How to connect risk information, decisions...and consequences?
In this intensely interactive session we will explore new modalities of learning and dialogue, integrating creativity and innovation into risk financing. Combining collaboration and competition, participants will confer on allocating scarce resources – pursuing protection and prosperity. Changing risks will pose challenges, eliciting insights, while enabling some Serious Fun. Join us to experience the complexity of future risks, and jointly brainstorm how the CatIQ network can rethink its approach to communication with stakeholders in the insurance sector and beyond!
Success Stories and Novel Approaches from Real-World Projects
The term ‘thinking outside the box’ may be cliché but that doesn’t mean the concept is without merit. This panel brings together experts who have not only implemented innovative approaches to communicating and addressing risk, but who have gone on to see results in the real world.
Speaker Marjorie Brans Director of Ecosystem Impact, School for Social Entrepreneurs Canada
Speaker Simon J. Mitchell Vice President Resilient Habitats, World Wildlife Fund Canada
Speaker Sheila Murray Co-Founder CREW (Community Resilience to Extreme Weather)
Decision Science and Risk Systems: How people think about risk, and why they react as they do
Insurance industry stakeholders know the same outreach and education will generate a variety of responses from the insured. What drives those responses, and how can we best connect with broad populations, given diverse backgrounds and situations? Experts on decision science, the interpretation of risk, and the challenge of communicating hazards weigh in.
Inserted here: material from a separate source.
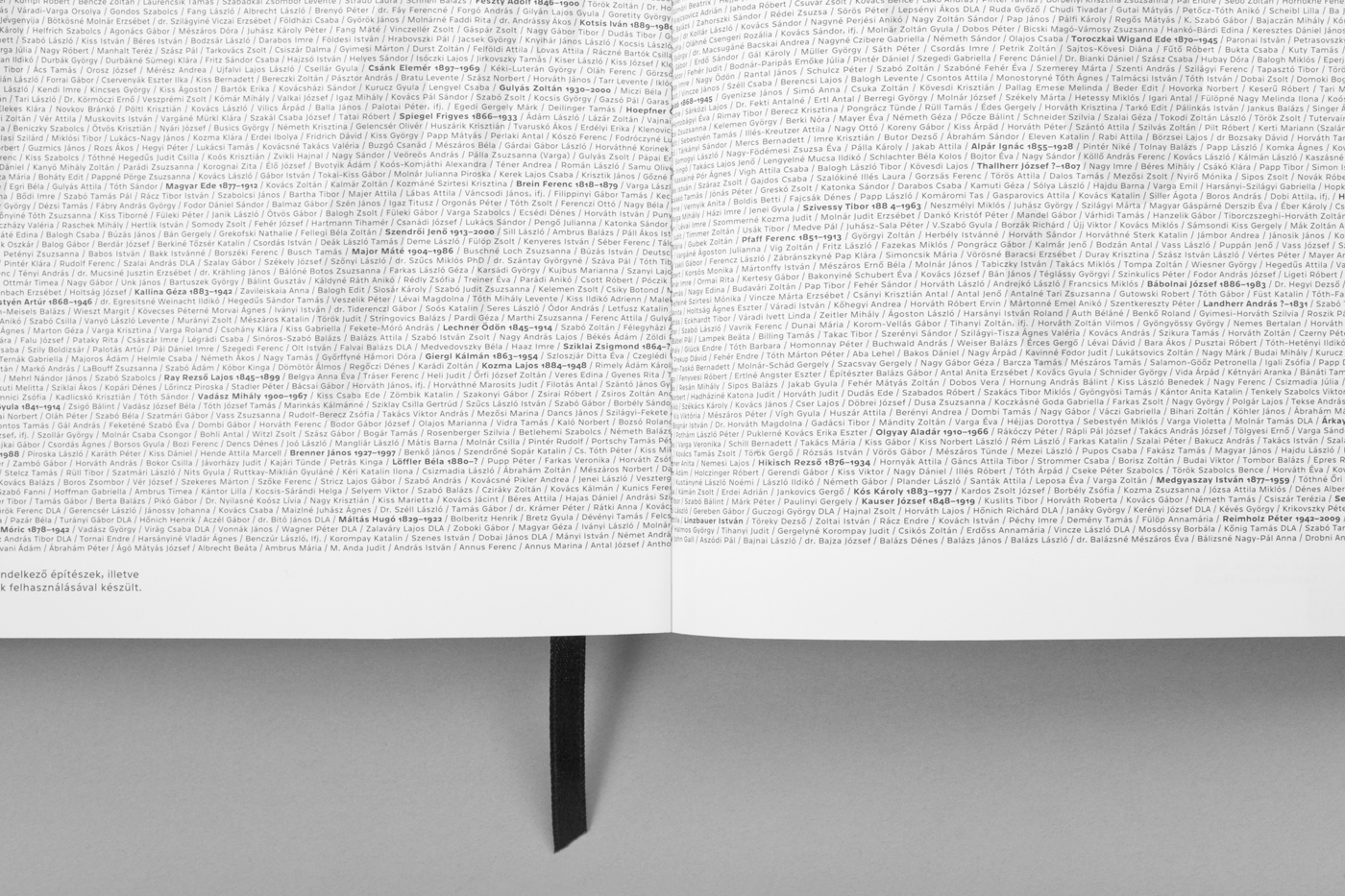 The book Nemzeti Építészetpolitika (“National Architecture Policy”) features 101 buildings designed by well-noted Hungarian architects. Titles and text are set in Westeinde, a geometric typeface by Hungarian type designer Ádám Katyi.

Insights from New Zealand's Earthquake Commission
New Zealand’s Earthquake Commission Te Komihana Ruwhenua is a Crown-owned, natural disaster insurance agency covering residential damage from earthquakes, volcanoes, landslides, tsunami, and geothermal activity, and land damage from storm and floods. It was set up in the 1940s following excessively slow economic recovery from a series of earthquakes, and had a specific intent to protect the physical assets of New Zealanders and enable faster rebuild and repair following disasters.
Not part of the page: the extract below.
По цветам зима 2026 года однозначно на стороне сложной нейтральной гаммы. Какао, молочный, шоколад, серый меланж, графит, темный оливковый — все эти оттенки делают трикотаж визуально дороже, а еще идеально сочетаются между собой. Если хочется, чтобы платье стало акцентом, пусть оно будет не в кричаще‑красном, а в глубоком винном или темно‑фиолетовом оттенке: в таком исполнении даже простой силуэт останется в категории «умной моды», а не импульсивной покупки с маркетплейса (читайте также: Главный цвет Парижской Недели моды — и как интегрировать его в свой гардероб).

This presentation and discussion will look at New Zealand’s public-private model of insurance, how it has learned from the devastating Canterbury Earthquake Sequence of 2010-2011, and how the EQC is now playing a pivotal role disaster risk reduction in New Zealand – leveraging its unique position between government, science, financial institutions, and the public, and its investment in science, research, and data.